Other notable long-distance discontinuances were the New York-Philadelphia-Chicago Broadway Limited in September 1995 (though the Pittsburgh-Youngstown-Chicago segment, over CSX’s former Baltimore & Ohio route, was resurrected as an extension of the New York-Pittsburgh Three Rivers from 1996 until 2005), and the Sunset Limited east of New Orleans, after the route was repaired following damage inflicted by Hurricane Katrina in August 2005.
Historical “routes that qualify” information has yet to appear on the site, though it does begin to list evaluation criteria prescribed by Congress in Infrastructure Investment and Jobs Act legislation:
— Link and serve large and small communities as part of a regional rail network;
— Advance the economic and social well-being of rural areas of the United States;
— Provide enhanced connectivity for the national long-distance passenger rail system;
— Reflect public engagement and local and regional support for restored passenger rail service.
Significantly, lawmakers made it a point to have the FRA oversee the process, rather than Amtrak management.
Section 210 of 2008’s Passenger Rail Investment and Improvement Act had required Amtrak to come up with ways it could improve each long-distance route. Reports developed by Brian Rosenwald’s in-house analytical team showed how financial performance and ridership of both the Cardinal and Sunset Limited would substantially benefit from daily operation, while detailing the equipment manipulations to make that happen. But Amtrak’s management under president Joe Boardman and the company’s board of directors — most of whom still serve in that capacity today — never acted on the recommendations after a perfunctory inquiry about cost to the host railroads. Rosenwald was subsequently forced out.
Of the previously discontinued routes, advocacy groups have been actively engaged in lining up regional support to resurrect the North Coast Limited and Pioneer, though key segments of those trains’ original route (into Butte, Mont., and Boise, Idaho, respectively) have been abandoned or severely downgraded.
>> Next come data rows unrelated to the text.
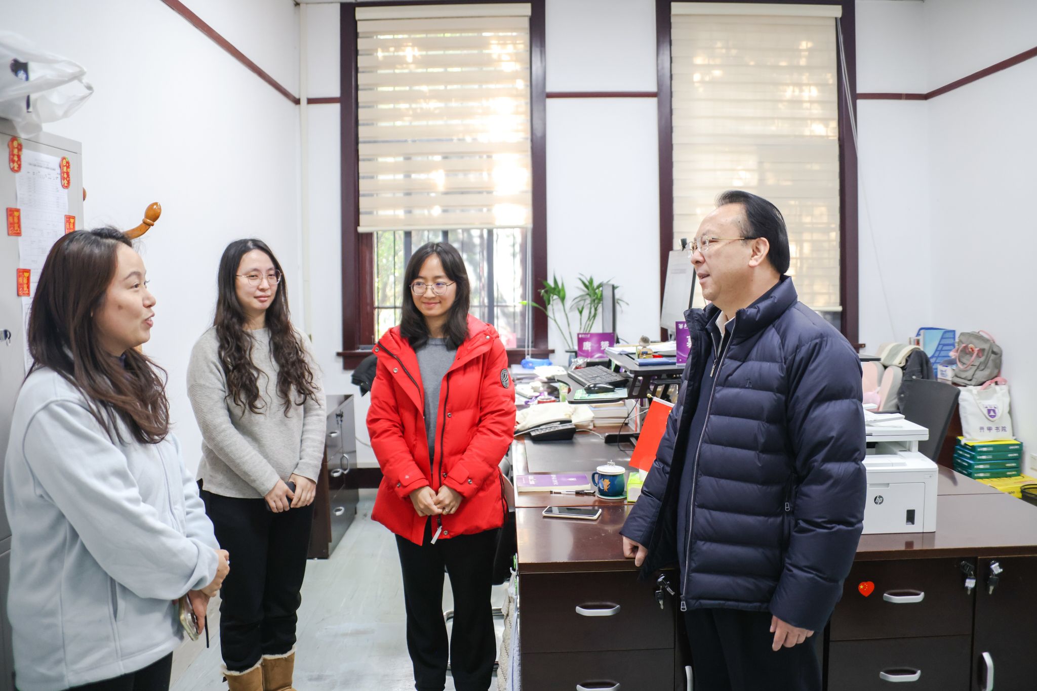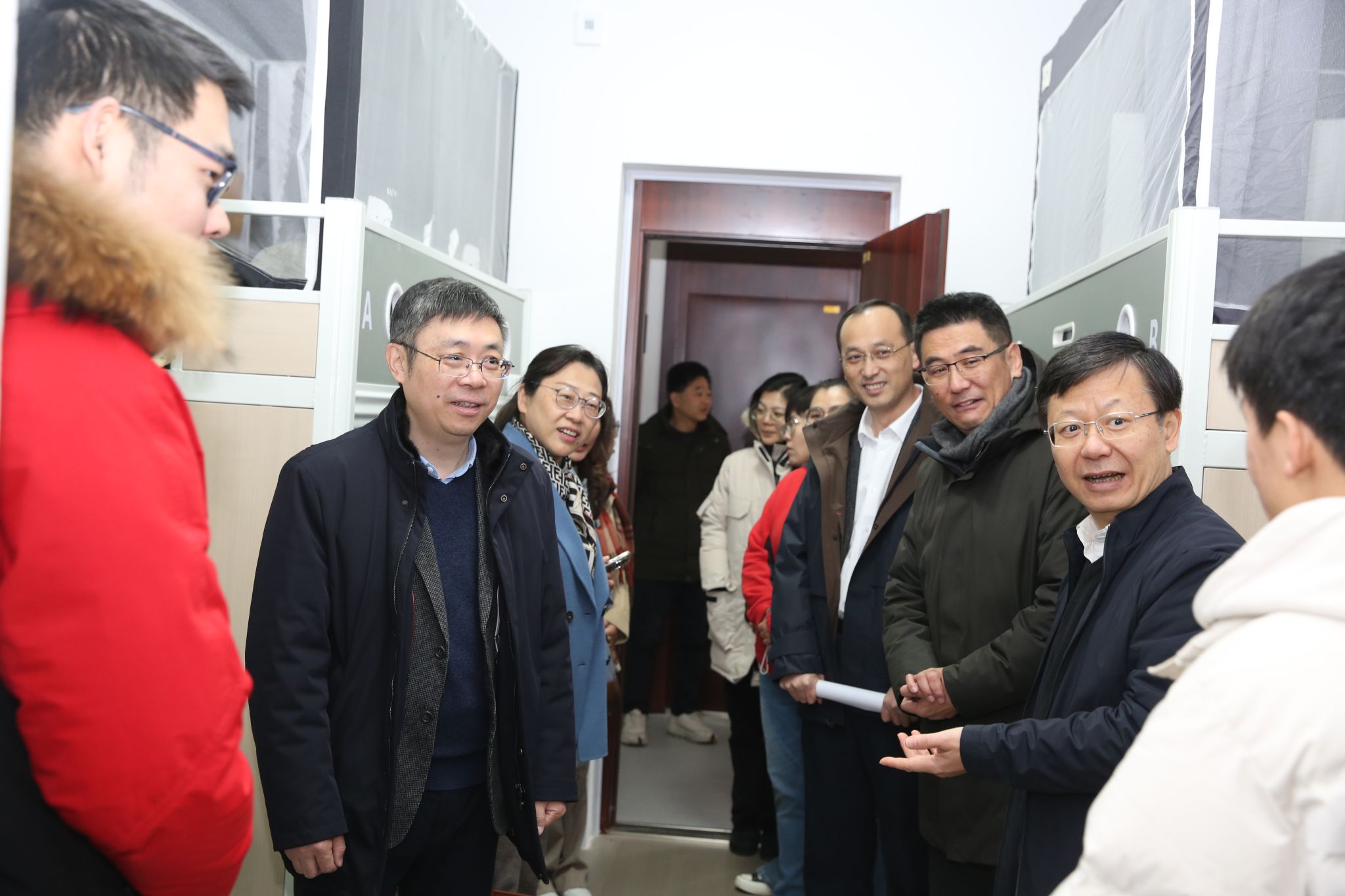 在苏州校区,谭铁牛逐一走访苏州校区各管理机构部门与学院,看望慰问师生员工,并向大家致以新年的祝福。在苏州校区各学院,他详细询问了师生们的生活与科研情况,鼓励大家在新的一年里接续奋进,在苏州校区一流的工作与学习条件下实现科研新突破。
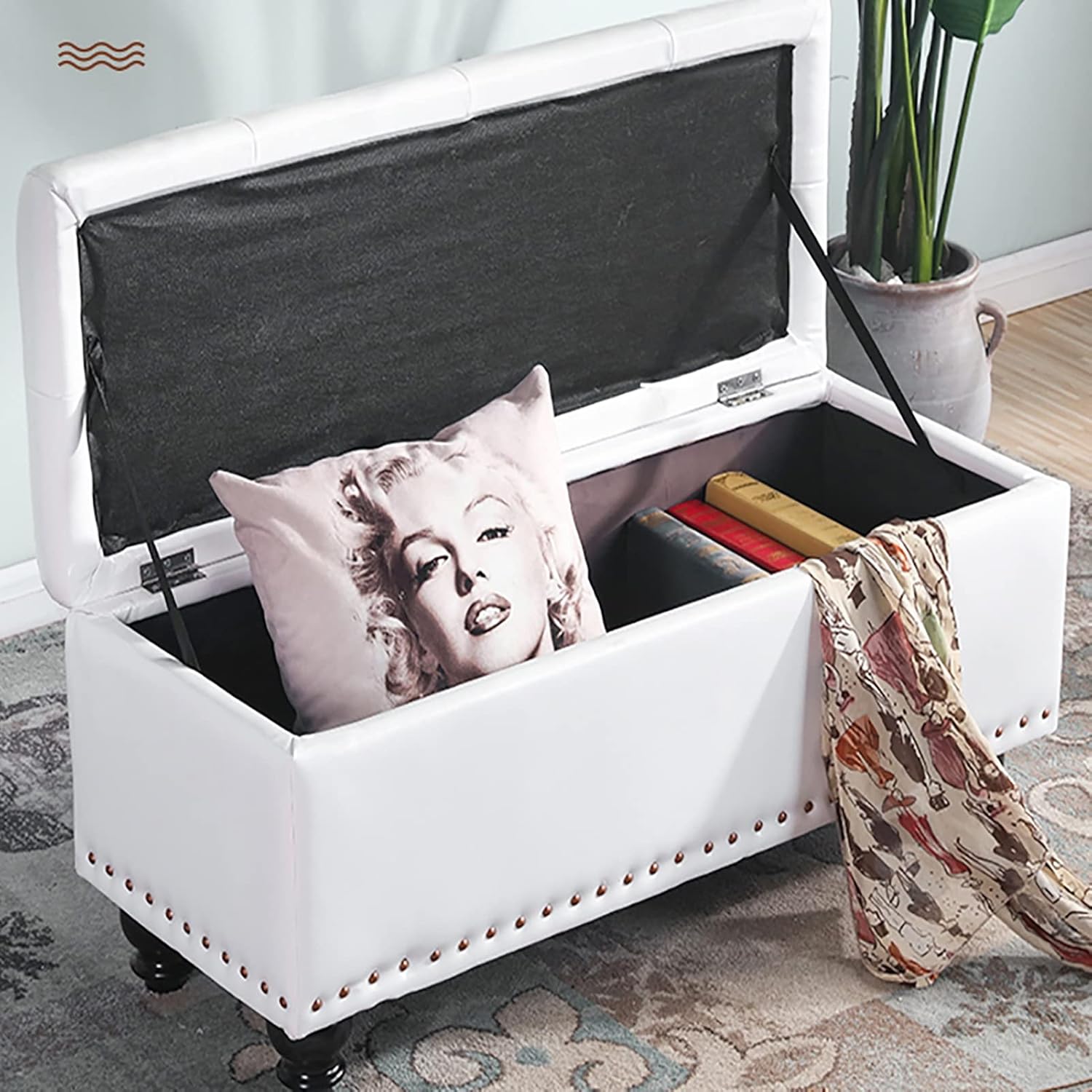 This storage ottoman is finely crafted with premium faux leather and high-quality MDF, the construction erected after assembly is sturdy and solid, the decorative appearance matches your home decor and furniture. ✎It can be used as: Storage box/trunk Little things finally have a place, whether blankets, pillows, clothes or remote controls, books... a simple solution to organize your work and home environment. Entryway shoe bench It is stable like a bench that can be placed at the entrance or in the closet. You can sit on it to put on or take off your shoes. Footrest Tired after whole days of work? Here comes a nice place to rest your feet while sitting on the couch. Multiple choices: We have a variety of folding stools in size and color, just search for stools to find more. Specifications: ✎- Upholstery material: faux leather. ✎ Seat filling material: high resilience sponge. Construction material: CARB P2 medium density fiberboard. Package Content: - 1 x Folding Storage Stool
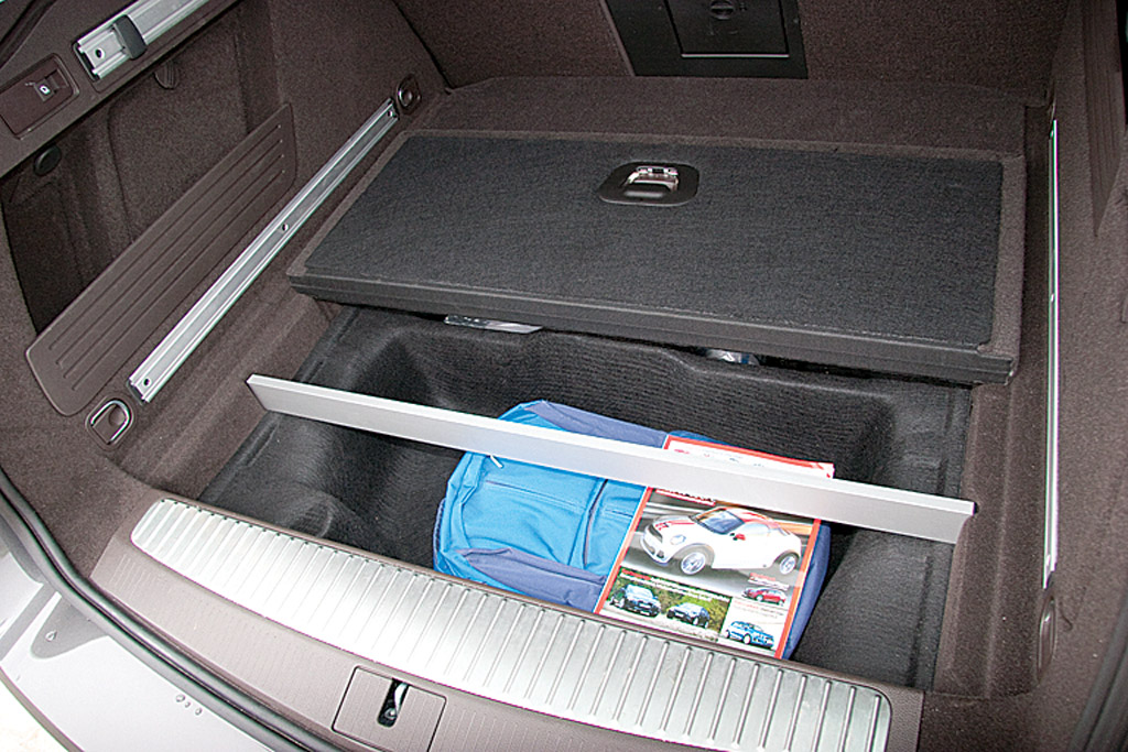 În cele mai multe cazuri, folosim doar o mică parte din portbagaj, mai ales în cazul cumpărăturilor de weekend sau de la supermarket. Sacoşele pot fi ancorate prin sistemul de şine pe care culisează alte sisteme de ancorare foarte utile pentru lucrurile fragile. În locul roţii de rezervă am găsit un kit pentru pană şi încă un spaţiu pentru depozitat de dimensiunea unui portbagaj de Opel GT.
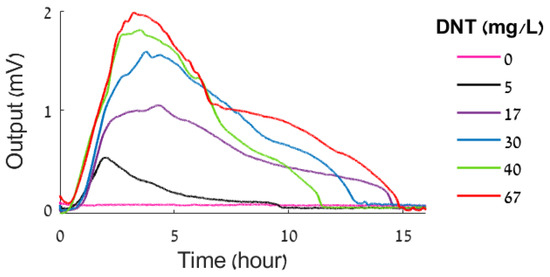 A set of DNT measurements employing the protocol described above is presented in Figure 3. The protocol was employed in identical sensor channels loaded with DNT bioreporters of the same batch. The sensors were exposed to 1 mL samples containing different concentrations of DNT mixed with the bioreporters. The results presented in Figure 3 demonstrate the fact that the bioluminescence produced by the bioreporters is dose-dependent, substantiating the underlying hypothesis at the basis of employing bioluminescent bioreporters for performing quantitative chemical sensing.
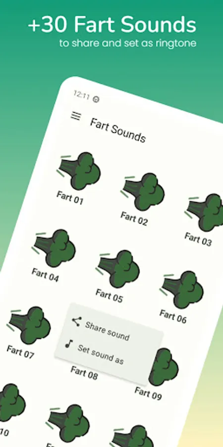 🎵 Set fart sounds as: ringtone, notification, and alarm.
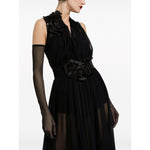 Dolce & Gabbana Long silk chiffon dress with floral appliqué
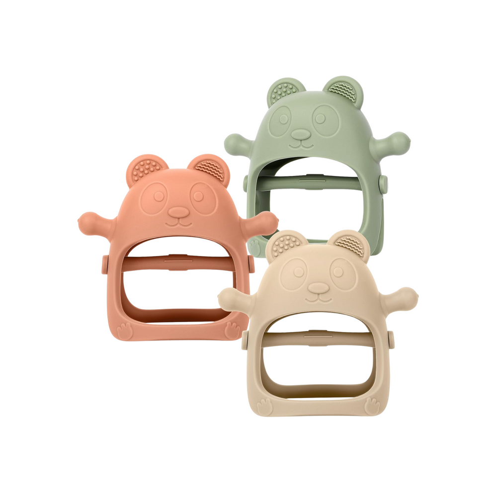 Los guantes de dentición de silicona suave se ajustan a las pequeñas manos de su bebé, y la barra interior proporciona un soporte de agarre adicional para el agarre de su bebé. Los dos lados imitan el diseño del pezón, lo que ayuda a calmar a los bebés quisquillosos y es un buen ayudante para la dentición de tu bebé.
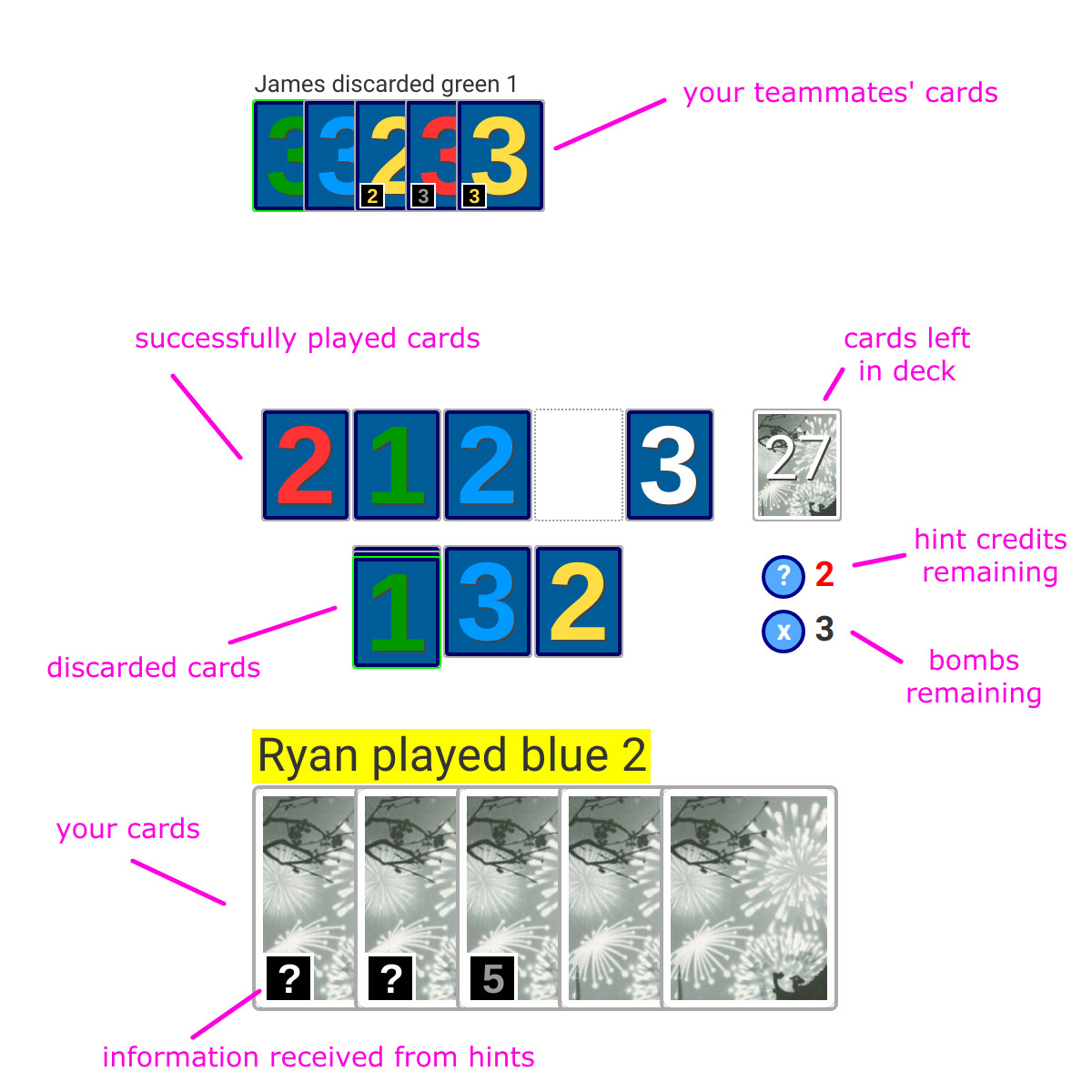 Fireworks is a collaborative, turn-based card game that you play with 1-4 other players on the internet. In Fireworks everyone can see the cards in your hand except for you, and you have to rely on hints from others plays to understand which cards are which.
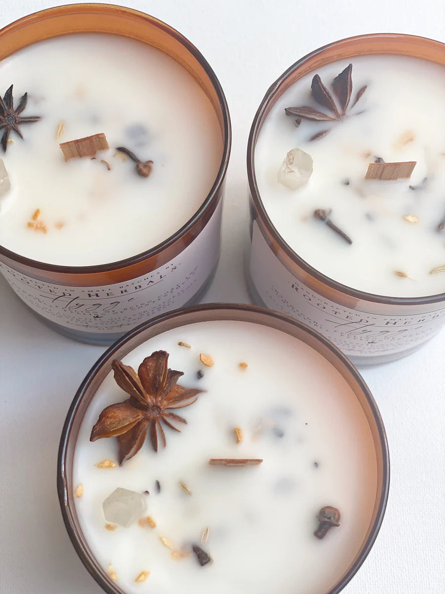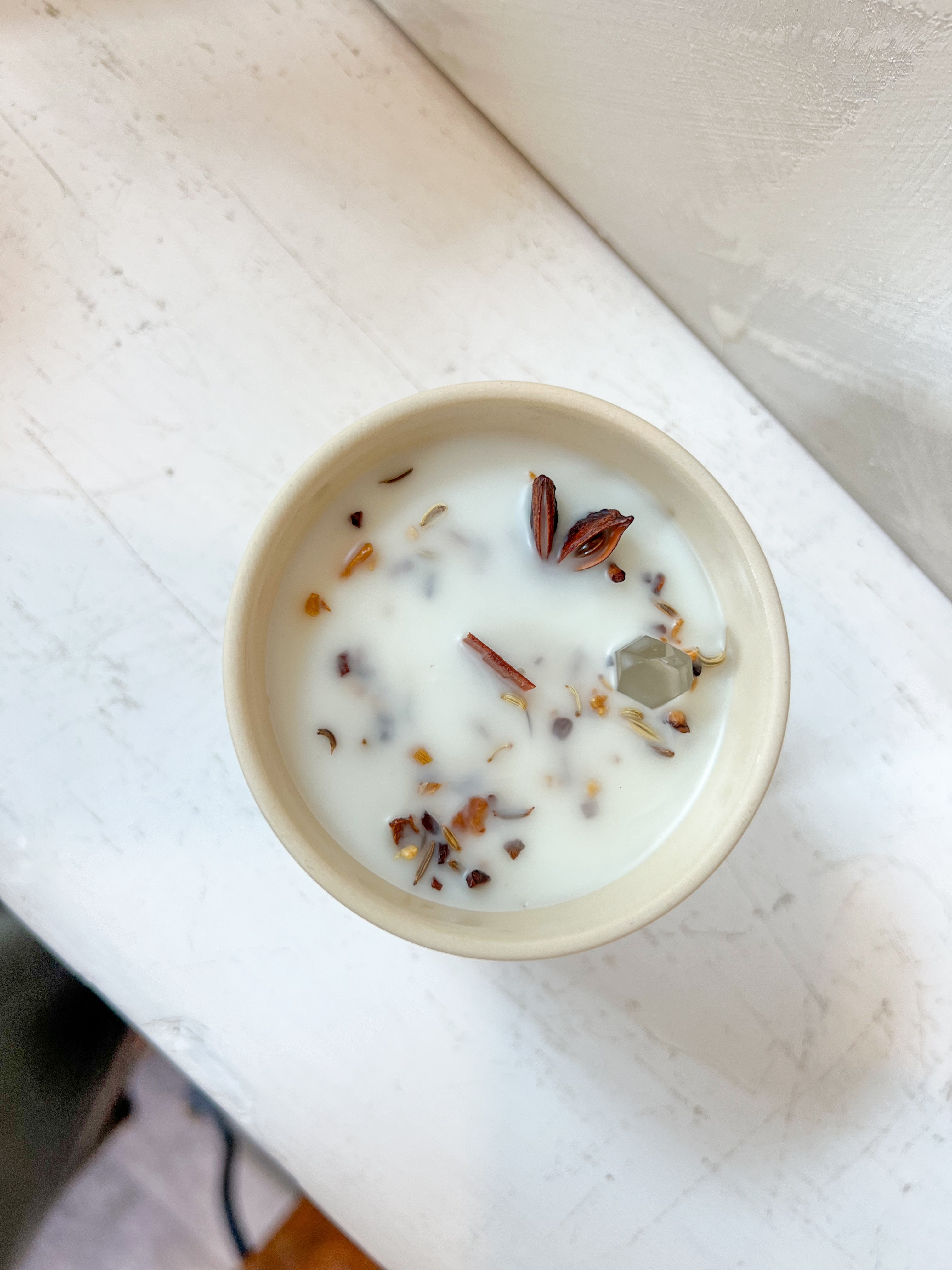 Candles crafted with intentions. Each includes a carefully chosen blend of essential oils, natural fragrances, and crystals.
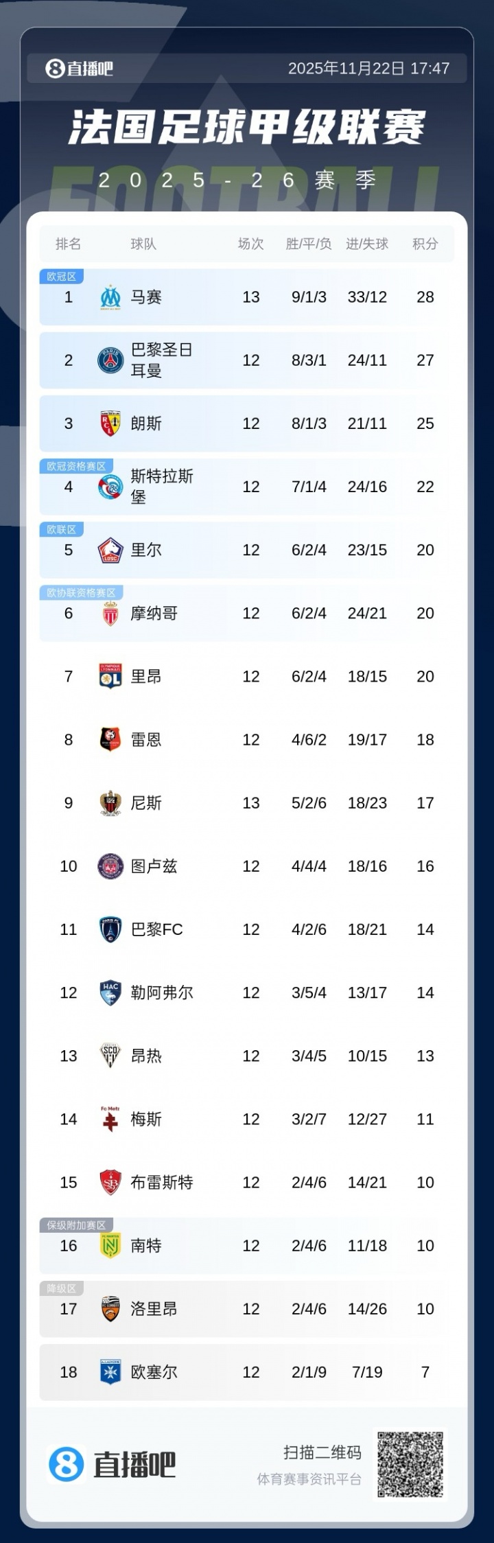 欧塞尔本赛季法甲当今12轮积7分,当今在法甲积分榜垫底。

That fate especially applies to large swaths of the Floridian’s many former routes through Indiana and the National Limited’s irreplaceable ex-Pennsylvania Railroad main west of Pittsburgh across Ohio.
The site notes, “Over the next year, we’ll be engaging with and listening to stakeholders, including transportation and rail partners, federally recognized tribes, and communities as we evaluate how to better connect people with long-distance rail services. This is the first time that many communities, partners, and stakeholders will be included in a study of this magnitude, and we are committed to forming diverse and inclusive groups in every region.”
It isn’t clear how a completely intact route with clear marketability like the Desert Wind’s through Las Vegas, Nev., might be prioritized without a groundswell of grass-roots interest. After all, the major weakness that led to its 1997 downfall is that Amtrak management had reduced it to three times per week.
FRA spokesman Cory Gattie tells Trains News Wire that the study will also evaluate potential new long-distance routes. He says, “FRA’s initial engagement with stakeholders was at the [American Association of State Highway and Transportation Officials] Council on Rail Transportation Conference last month in Kansas City. Moving forward, we intend to post further engagement opportunities on the project website as the study progresses.” Those activities are expected to continue through 2023, as the agency evaluates the practicality and financial feasibility of resurrecting discontinued routes.